肝試しではなく花火を行うことにして、倉庫から協力して花火を浜辺に運びます。今回はイソスタライブで配信を行うということで、喜多さんがウキウキとした様子でスマートフォンを自撮り棒に付けて撮影しています。
「こんばんは~! 今日のイソスタライブは、なんとメンバー全員で、サポートメンバーの有紗ちゃんも合わせて5人制揃いです! そして今回は、海辺で花火を行います!」
『5人配信レア~!』
『喜多ちゃん可愛い』
『有紗様、有紗様が参加なんですね!』
ちなみに今回は用意したノートパソコンと喜多さんのスマートフォンを連動させているので、パソコンの画面でライブのコメントなども見えます。
私たちはほぼ参加することはないですが、主に喜多さんと虹夏さんが中心でライブ配信は時折やっているみたいです。割合としては喜多さんが9、虹夏さんが1ほどなので、ほぼ喜多さんがイソスタライブを行っている感じですね。なので、喜多さんは慣れたものでスマートフォンをこちらに向けてきました。
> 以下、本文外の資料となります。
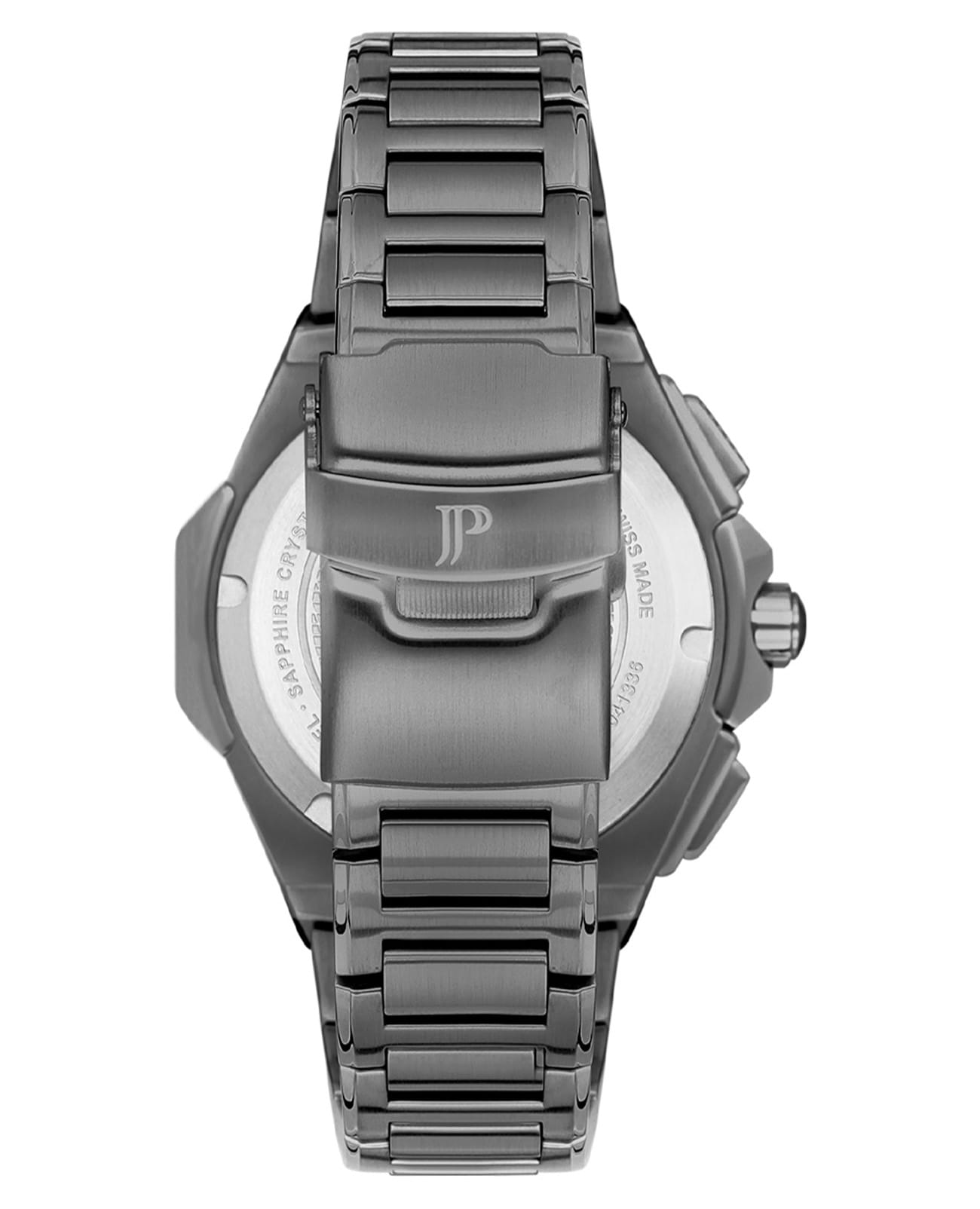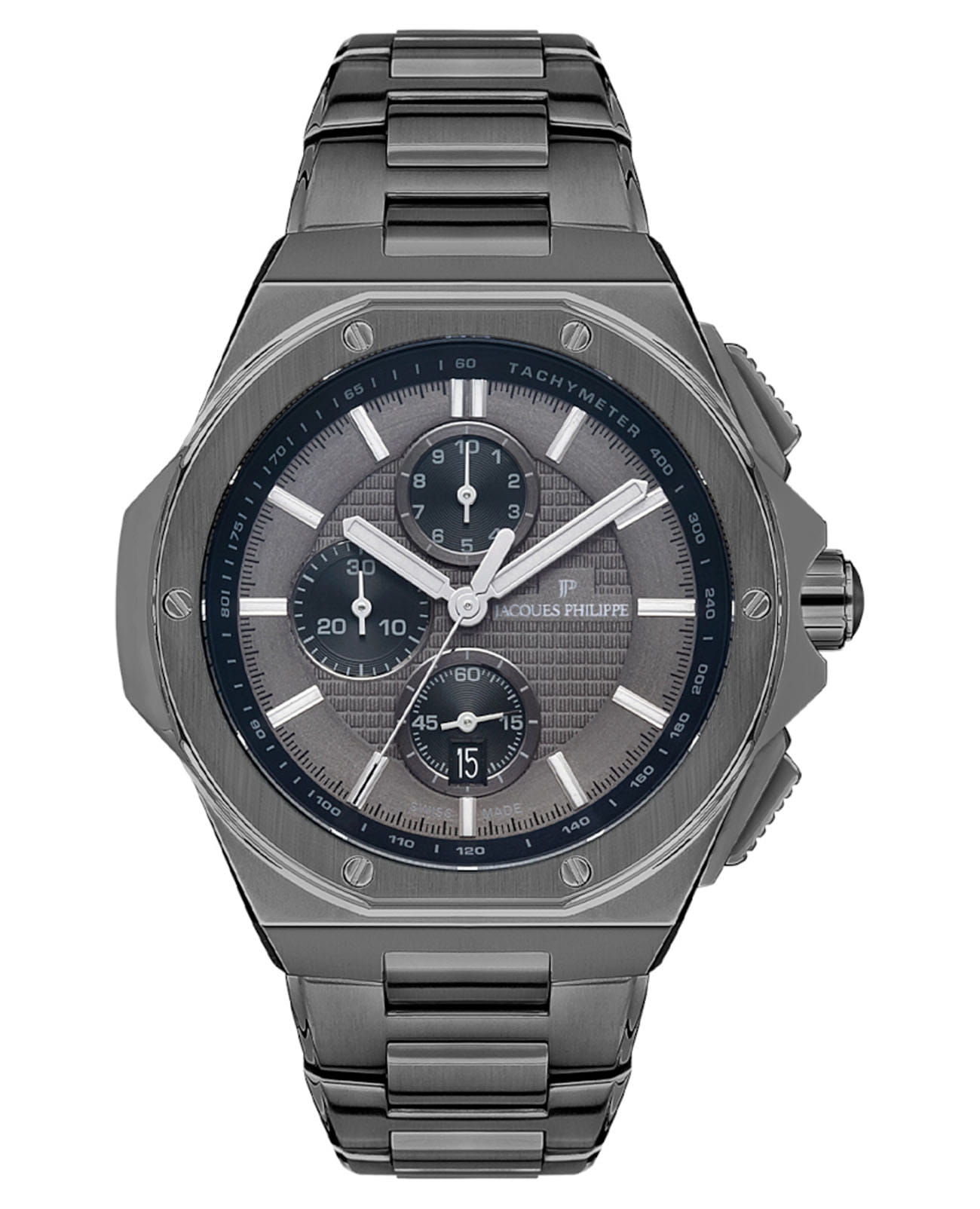 Швейцарские мужские часы-хронографХронографФункция позволяет измерять отрезки времени с особой точностью: часы, минуты, секунды. Верным признаком хронографа является наличие на циферблате 3 дополнительных окошек-счётчиков. с секундомеромСекундомерСекундоме́р — прибор, способный измерять интервалы времени с точностью до долей секунды. Jacques Philippe Esquire JPQGC048347B, кварцевый механизм с высокой точностью. Сапфировое стеклоСапфировое стеклоПрочный и надёжный материал из кристалла сапфира синтетического происхождения, характеризующийся особой твёрдостью и устойчивостью к царапинам и повреждениям. устойчивое к появлению царапин, обладающее высокой прозрачностью. Корпус часов изготовлен из нержавеющей стали. На циферблате три дополнительных индикатора. Стрелки с люминесцентным покрытиемЛюминесцентное покрытиеПозволяет считывать показания времени в темноте. Производители наносят на стрелки, часовые индексы, безель или поверхность циферблата светонакопительный состав, дающий холодное свечение.. Шкала тахиметраТахиметрРазмеченная шкала, располагается на ободке или безеле часов. Тахиметр позволяет рассчитать скорость на определённом участке пути, расстояние измеряется в километрах или милях. на циферблате. Класс водозащиты: 50 метров, позволит защитить корпус от случайных брызг или капель дождя. Стальной браслет на раскладной застёжкеРаскладная застёжкаТакой тип застёжки используется только на браслетах из металла. Она никогда не раскрывается полностью, происходит разделение на 2 и более частей. Раскладывающая застёжка снизит вероятность потери часов к минимуму..
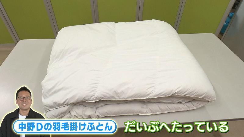 40代男性の羽毛布団で、へたっている感じが見てわかります
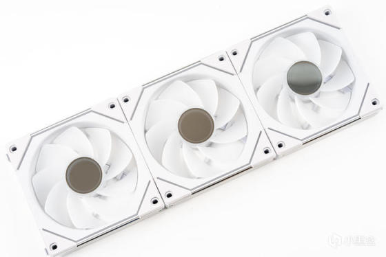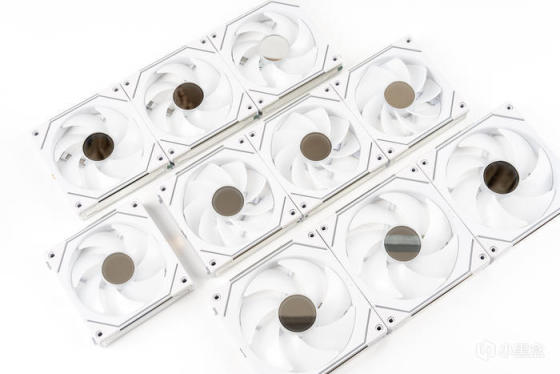 3把SL-INF 120幻境反叶积木拼接效果,风扇的参数为120x122x25mm,2100RPM下最大提供63.6CFM风量和2.02mmH2O风压,噪声值32dB(A)
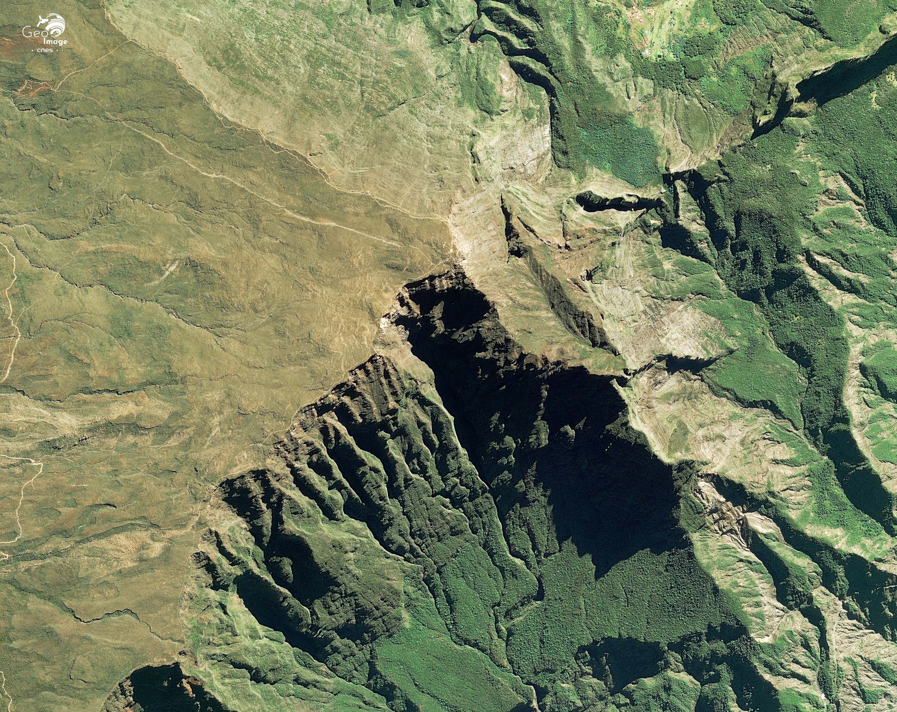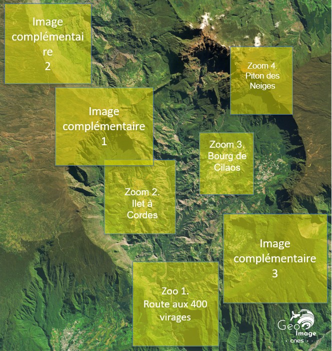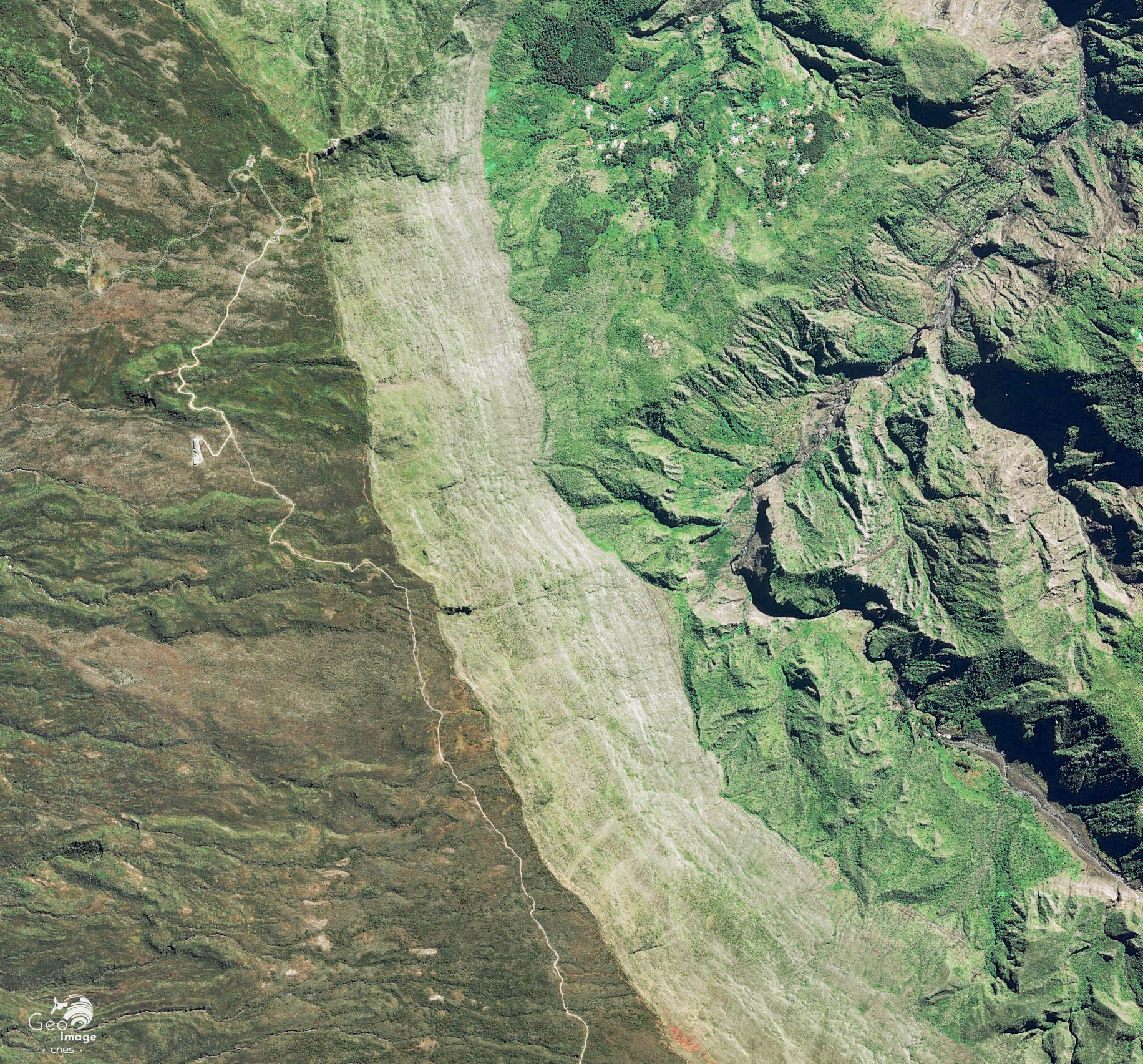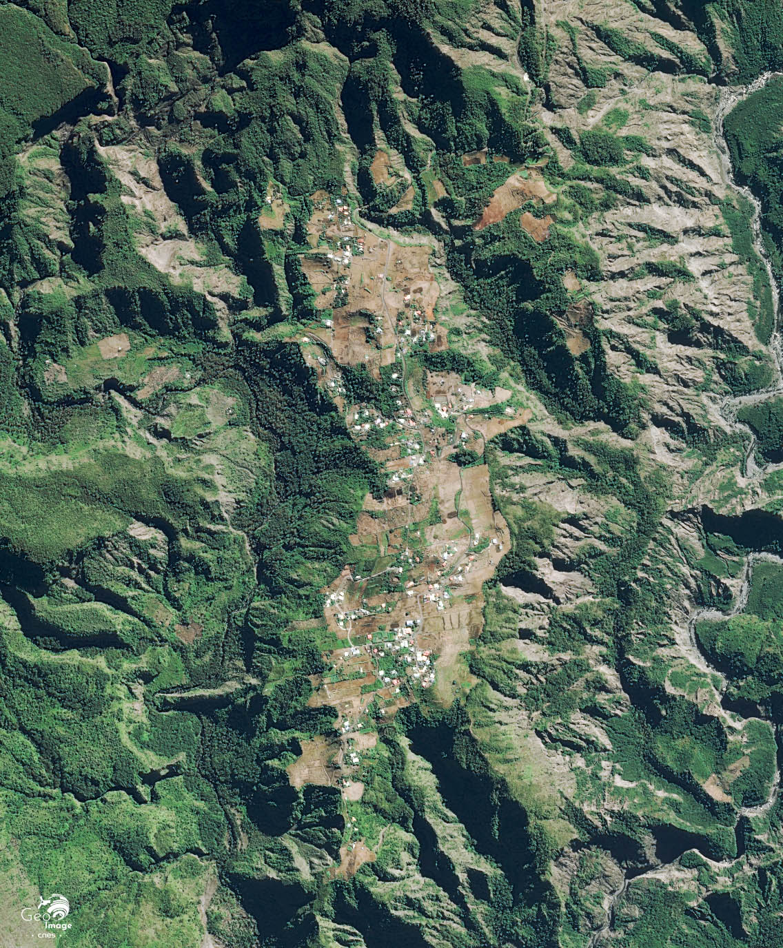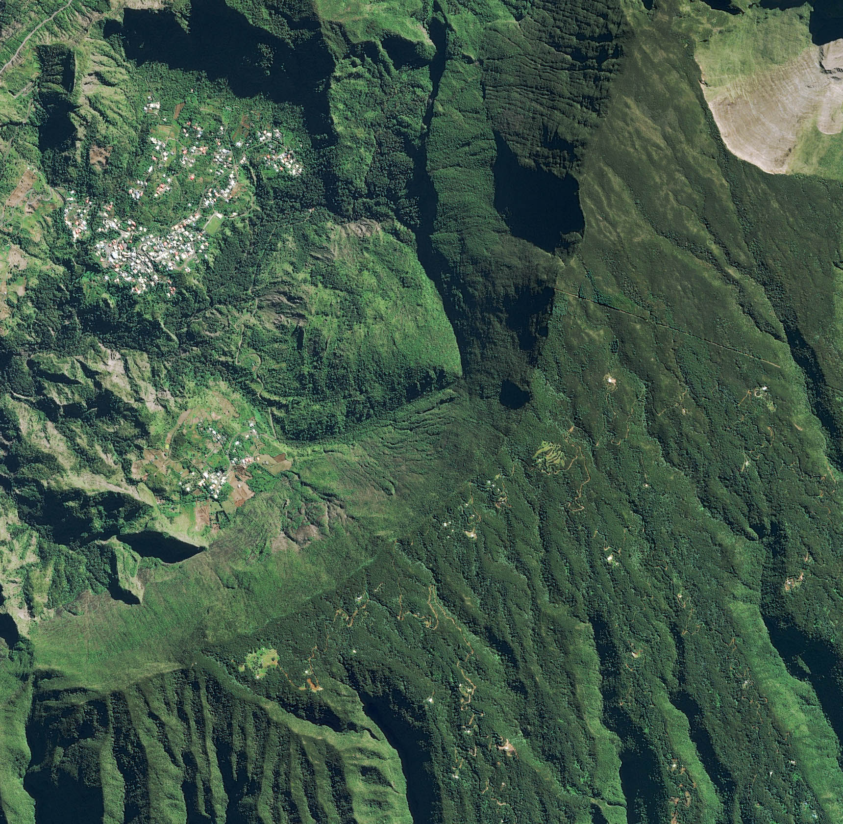 Cette image du cirque de Cilaos, caldeira située au centre de l'île de la Réunion, a été prise par un satellite Pléiades le 30 janvier 2018. Il s’agit d’une image en couleur naturelle, de résolution native à 0,70m, ré-échantillonnée à 0,5m.

「じゃ、スタ練とかのライブ配信にほぼ出ることがなくて、登場がレアな有紗ちゃんも何か一言!」
「視聴者の皆様、こんばんは、時花有紗です。本日は皆で花火を行うだけという単純な内容ではありますが、楽しんでいただけたら幸いです」
『あぁぁぁぁぁ!? ちょえ! 有紗様がポニーテール!? かわちいカーニバル過ぎて、てぇてぇ祭りが開催されてます! ありがたや、ありがたや……』
『有紗様は普段はなかなかライブ配信に出ないので、マジで超レアキャラ』
『でた、最強ビジュアルの有紗様だ!』
こういったライブ配信では少し呼び方に変化が出るもので、ひとりさん、喜多さん、虹夏さんはちゃん付けで呼ばれることが多く、リョウさんと私は様付で呼ばれることが多いです。
というか、演奏メンバーではない私ですがなんだかんだでファンの方々には、結束バンドのメンバーとして周知されているようで、ライブ配信を見に来てくださる方々となると、私のことはご存知です。
「……やっぱ、有紗ちゃんがでるとコメントの伸びがとんでもない。あとなんか……イソスタライブに有紗ちゃんが出ると毎回爆速で最初のコメントする熱心なファンがいるような……まぁ、いいか。そんなわけで、皆で花火をしていきま~す!」
まぁ、ライブ配信こそありますが基本的にはファンの方々に結束バンドメンバーの日常風景を楽しんでもらうという趣旨なので、私たちは気負わず普通にしていれば問題はありません。
ひとりさんはカメラが苦手なので、こちらにカメラが向くと私の背後に隠れてしまいますが、事前に何秒後にカメラを向けると宣言しておくと大丈夫です。心の準備ができるかどうかの差なのでしょうね。
「よし、手持ち花火もいいけど、最初は画面映えもする派手な花火にしようか!」
「虹夏、大丈夫? ちゃんと足音聞こえる?」
「ひっ!? リョウ~なんで今その話を蒸し返した」
「ビビりまくっててウケる」
「ふんっ!」
「……暴力反対」
置いて火を付ける吹き出し式の花火を始めようとした虹夏さんを揶揄い、ゲンコツを落とされているリョウさんを喜多さんが撮影する光景を眺めつつ、私はひとりさんと並んで手を繋いでいました。
いえ、特にこれといった理由は無いのですがなんとなくまだ手持ち花火で遊ぶ雰囲気ではないので、自然とその形になったというべきでしょうかね。
「……海風のおかげか、涼しいですね」
「あっ、でっ、ですね。それになんか、静かでいい雰囲気です」
「確かに、さざ波の音が聞こえるのがなんとも素敵ですね」
「はい……あっ、虹夏ちゃんが火を付けましたね。わっ、綺麗です」
ひとりさんの言葉に導かれるように視線を向けると、吹き出し式の花火が勢いよく火花を散らし、暗かった海辺を明るく照らしていました。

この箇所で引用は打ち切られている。